**Work task**
Beginning with the line that contains "व लाही की फसलें" and ending with the last line of the records, write out each line exactly and omit the pictures.

[Collected data entries]
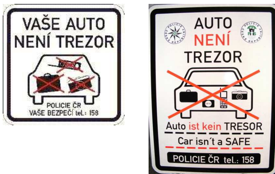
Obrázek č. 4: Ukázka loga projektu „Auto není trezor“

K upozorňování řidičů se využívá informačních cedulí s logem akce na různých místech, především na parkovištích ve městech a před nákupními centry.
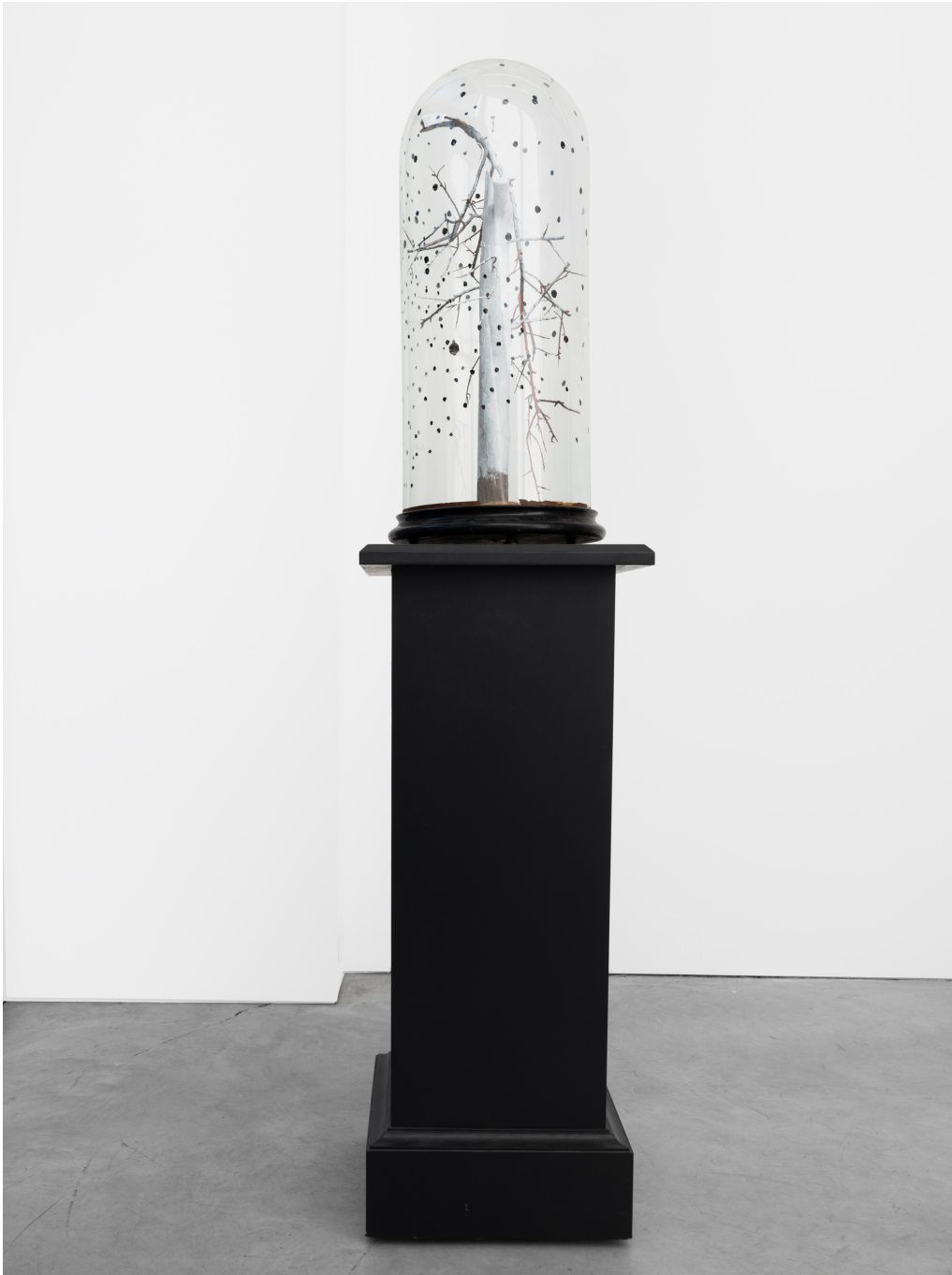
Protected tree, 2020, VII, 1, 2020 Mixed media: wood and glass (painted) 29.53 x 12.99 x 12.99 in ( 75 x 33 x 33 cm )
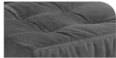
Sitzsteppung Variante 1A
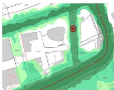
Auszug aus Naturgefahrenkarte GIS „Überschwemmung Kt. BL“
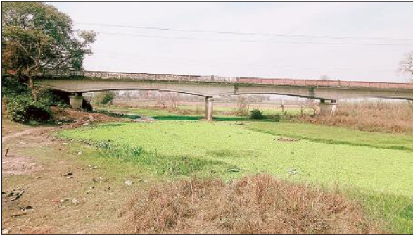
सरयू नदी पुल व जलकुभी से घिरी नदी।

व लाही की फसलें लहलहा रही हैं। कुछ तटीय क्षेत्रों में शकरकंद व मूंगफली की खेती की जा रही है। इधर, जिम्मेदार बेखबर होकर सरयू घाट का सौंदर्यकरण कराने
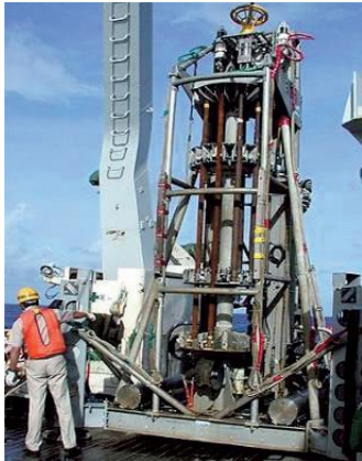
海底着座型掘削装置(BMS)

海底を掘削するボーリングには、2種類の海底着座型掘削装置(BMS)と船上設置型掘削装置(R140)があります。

**Response to the exercise**
व लाही की फसलें लहलहा रही हैं। कुछ तटीय क्षेत्रों में शकरकंद व मूंगफली की खेती की जा रही है। इधर, जिम्मेदार बेखबर होकर सरयू घाट का सौंदर्यकरण कराने
海底着座型掘削装置(BMS)

海底を掘削するボーリングには、2種類の海底着座型掘削装置(BMS)と船上設置型掘削装置(R140)があります。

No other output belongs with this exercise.